Wednesday, July 14, 2010

Metal Trades Disappointed at NGS Restructure Announcement; Hopeful That a New Strategic Alternative at Avondale Can Emerg

The following is a statement from Ronald Ault, President of the Metal Trades Department of the AFL-CIO in response to the announcement by Northrop Grumman Shipbuilding that it will consolidate its shipbuilding capacity into its Pascagoula, Mississippi shipyard.

Northrop Grumman Corporation’s announcement that it will consolidate its Gulf Shipbuilding operation is disappointing and regrettable. The Metal Trades Department recognizes the inevitability of that news given the Navy’s earlier decision to constrain its shipbuilding budget, but that doesn’t make the potential impact on workers at the Avondale yard any less painful. Nor does it make a total shutdown inevitable. The Metal Trades and a number of our key affiliates—specifically the International Brotherhood of Electrical Workers (IBEW) and the International Brotherhood of Boilermakers (IBB)—began a serious campaign to sustain Avondale on May 10, 2010, but we were cautioned against going “public” with our concerns at that time by the Company and members of Congress, each of whom told us that publicity might upset “delicate negotiations” seeking a solution. Obviously, those authorities were unable to achieve that solution.

The economy of the Gulf region is on life support. Shipbuilding is the largest single employer in the region. The combined impact of the Metal Trades-represented Northrop Grumman shipyards in New Orleans and Pascagoula is $12.6 billion—six times that of the seafood industry. If Avondale, which represents 40 percent of the region’s shipbuilding industry, disappears—the economic impact will be devastating. We can’t blame shipbuilding woes on the oil spill or on a catastrophic storm; but we can say that the demise of Gulf Coast shipbuilding is the result of neglect—benign or otherwise. Regardless of the cause, it is an unacceptable outcome.

We reiterate, for the benefit of the Obama Administration, Congress, elected officials at every level and the American people, America needs a shipbuilding industry.
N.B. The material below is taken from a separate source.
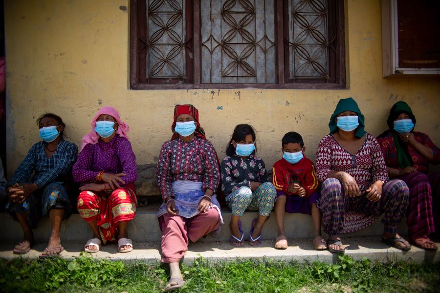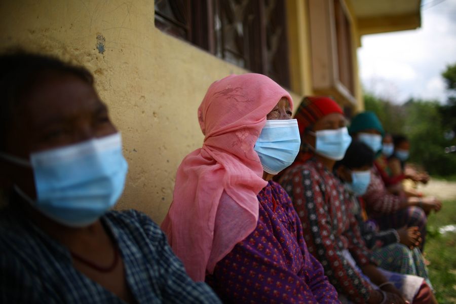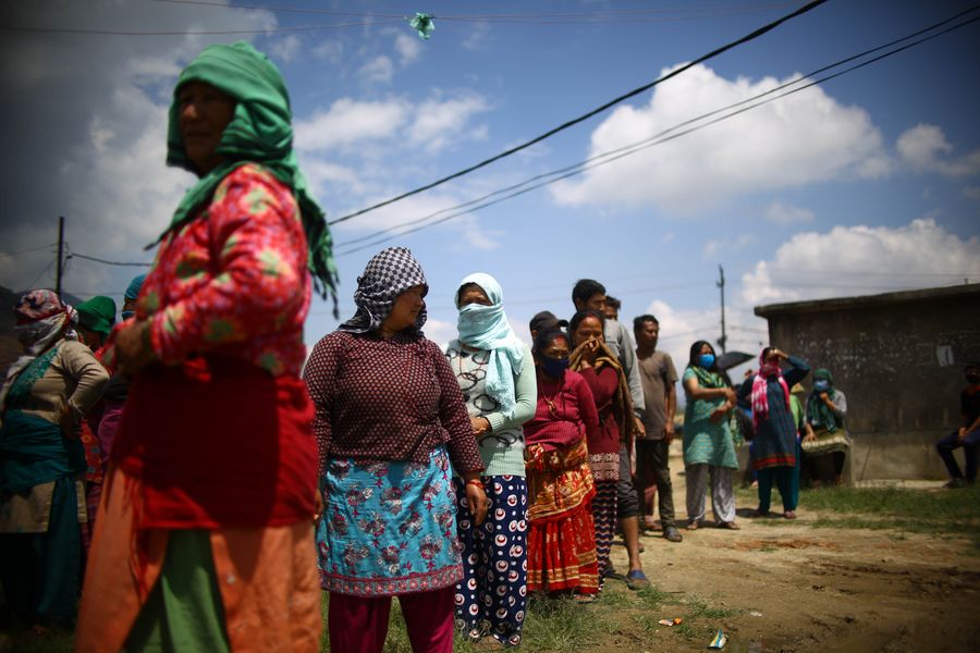 Women sit in a line, waiting for their turn to get food relief packages provided by Nepal Overseas Chinese Business Association at Bungamati in Lalitpur, Nepal, April 29, 2020. (Xinhua/Sulav Shrestha)

We are rapidly nearing the tipping point where any further loss of capacity may mean that the industry could go from shallow breathing into a comatose state. Any shutdown of a large shipbuilding facility corrodes our strategic national interest and ripples throughout our economy subtracting good paying jobs not just in direct ship construction in the Gulf region, but in the thousands of large and small enterprises that feed the shipbuilding industry’s needs for components. America has neither the resources nor the national resolve to recreate such resources from scratch.

It is clear that New Orleans and its surrounding areas can ill afford to lose one of the last reservoirs of decent middle class jobs that exist today. The economic circumstances for this area cry out for attention and urgent action. We stand ready to help.

We intend to hold Northrop Grumman to its promise to work to explore alternative uses for the facility even before work on the two remaining Navy vessels now under construction.

We will encourage collaboration among private investors, elected officials at the federal state and local level, and the Obama Administration, to work with us to develop a strategic alternative to the complete dissolution of the Avondale facility. We believe that—through a combination of innovation, vision and courage—a new enterprise can emerge that can utilize the skills of the Avondale workforce to address urgent national needs for shipbuilding and energy applications.

It would only take a small measure of policy adjustment—such as stricter enforcement of the Jones Act, especially as it applies to the offshore oil industry; and DOD’s abandonment of its long-term ship leasing policy—to breathe new life into private shipbuilding. We believe that Avondale could economically produce ships for a domestic market as long as that domestic market can be nurtured by rational and stable policies.

Among the other options that can and should be pursued would be the conversion of portions of the Avondale yard to construction of containment vessels for nuclear facilities. At present, there is no domestic source for those vessels and their construction process is not significantly different from that of shipbuilding. The Metal Trades and our affiliates have been suggesting these remedies in various forms for over two decades.
The Metal Trades Department of the AFL-CIO is an umbrella organization comprised of 17 national and international unions. Chartered in 1908, the Department negotiates collective bargaining agreements and coordinates representation in shipyards, nuclear facilities, manufacturing, mining and petrochemical operations throughout the United States.